(Data for review Opens)
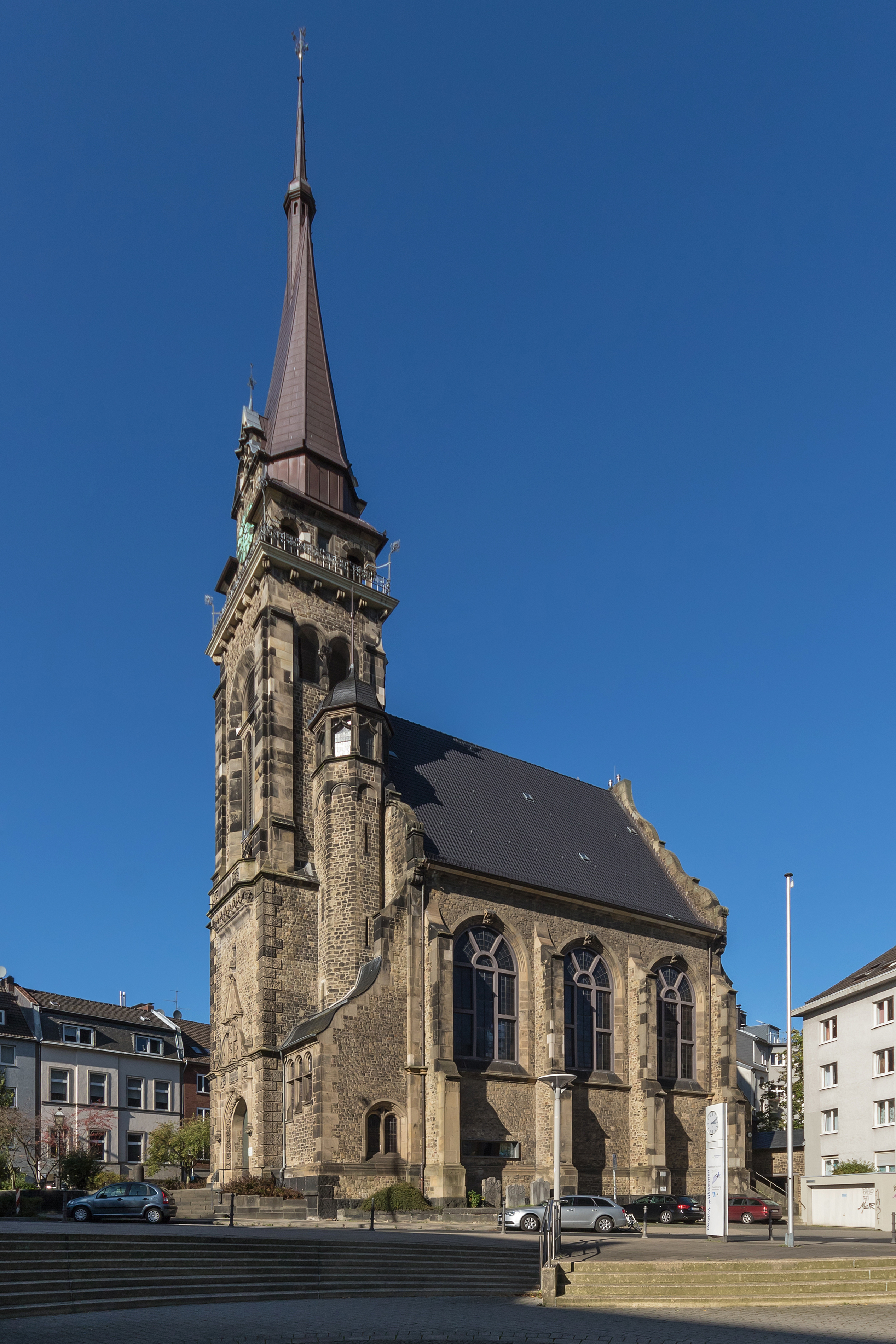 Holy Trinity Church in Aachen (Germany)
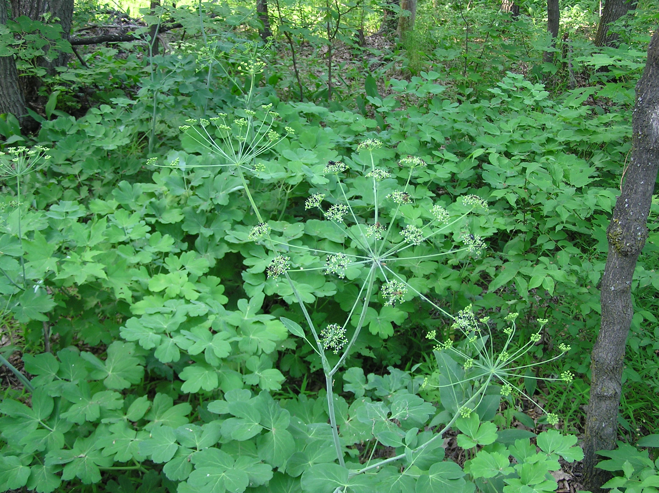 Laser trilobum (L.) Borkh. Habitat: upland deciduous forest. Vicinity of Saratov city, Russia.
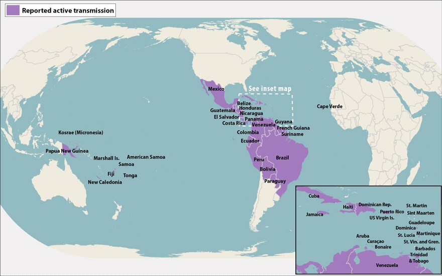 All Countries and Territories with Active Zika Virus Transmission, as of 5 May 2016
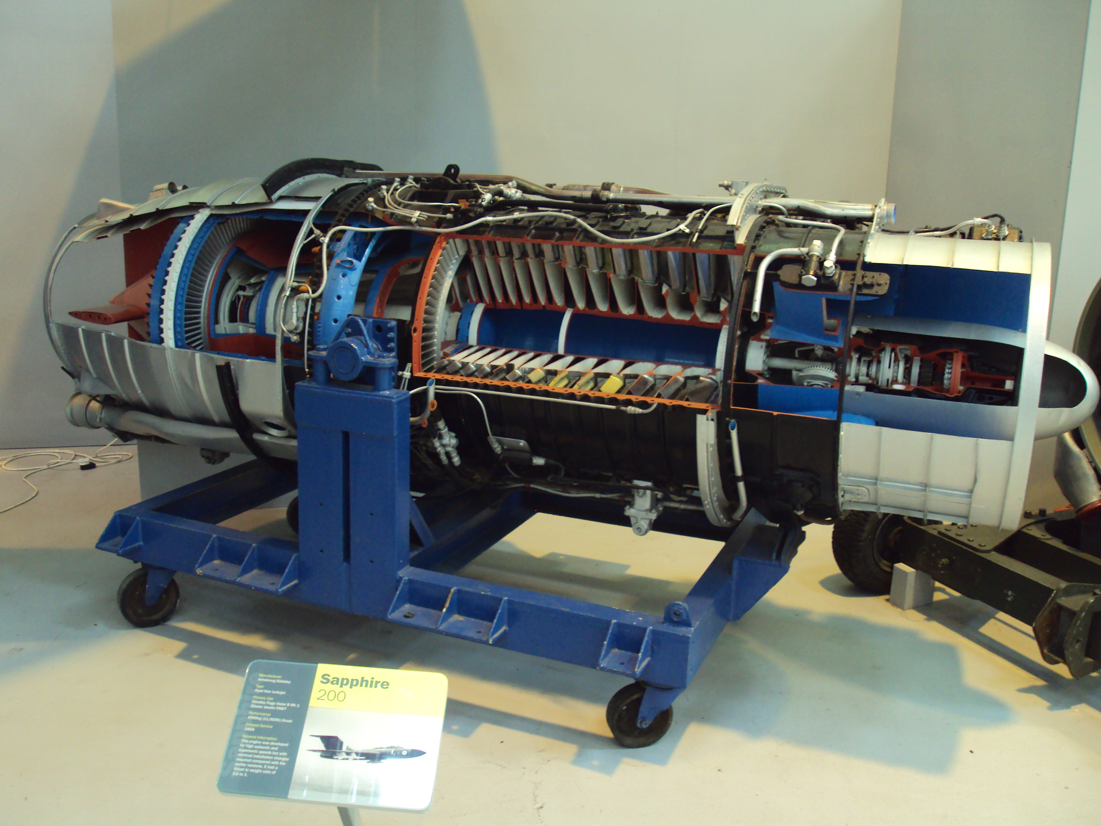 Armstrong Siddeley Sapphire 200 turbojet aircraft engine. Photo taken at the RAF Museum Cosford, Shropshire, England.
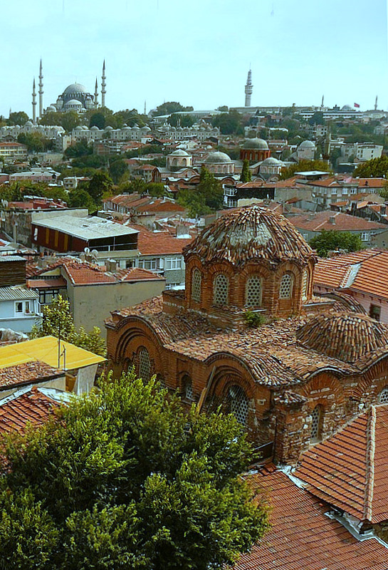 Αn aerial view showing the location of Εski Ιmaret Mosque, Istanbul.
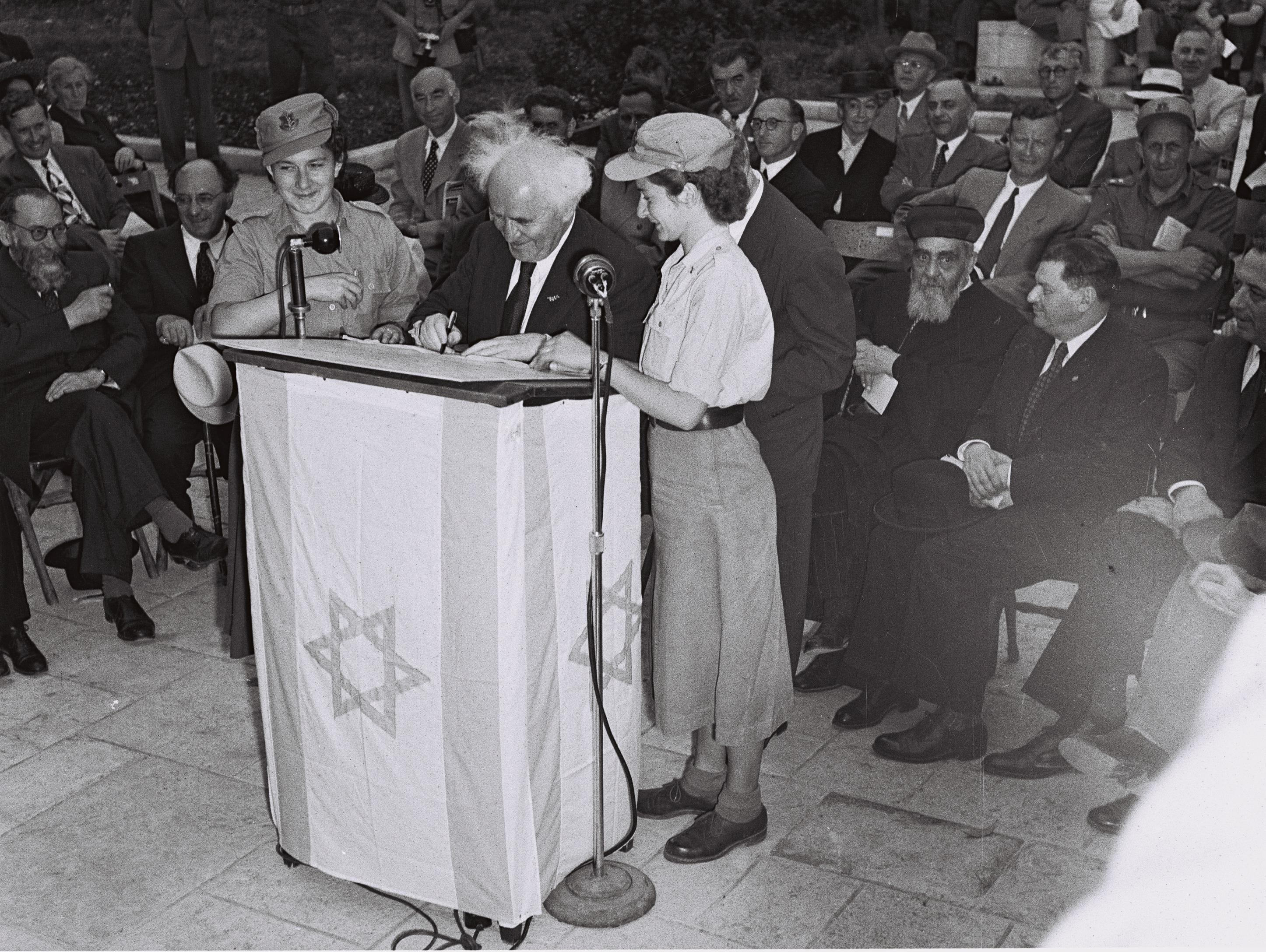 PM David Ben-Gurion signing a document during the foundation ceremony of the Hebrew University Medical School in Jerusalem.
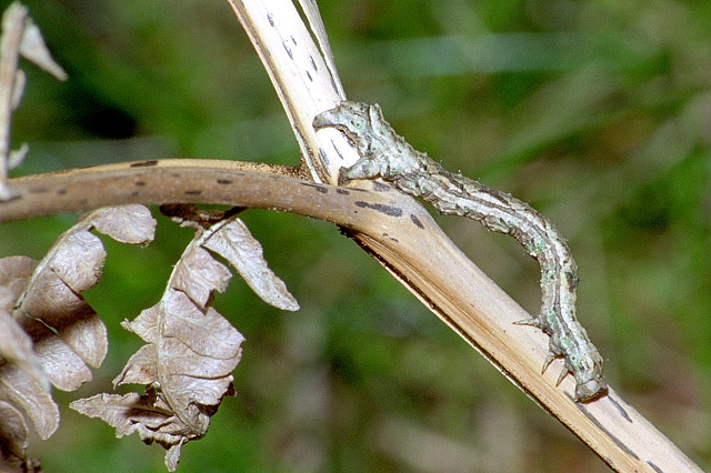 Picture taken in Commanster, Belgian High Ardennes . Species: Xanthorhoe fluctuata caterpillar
(Data for review Closes)
◆ The problem
Restate the entries above word for word, keeping pictures out of the copy.

◆ Written answer
 Holy Trinity Church in Aachen (Germany)
 Laser trilobum (L.) Borkh. Habitat: upland deciduous forest. Vicinity of Saratov city, Russia.
 All Countries and Territories with Active Zika Virus Transmission, as of 5 May 2016
 Armstrong Siddeley Sapphire 200 turbojet aircraft engine. Photo taken at the RAF Museum Cosford, Shropshire, England.
 Αn aerial view showing the location of Εski Ιmaret Mosque, Istanbul.
 PM David Ben-Gurion signing a document during the foundation ceremony of the Hebrew University Medical School in Jerusalem.
 Picture taken in Commanster, Belgian High Ardennes . Species: Xanthorhoe fluctuata caterpillar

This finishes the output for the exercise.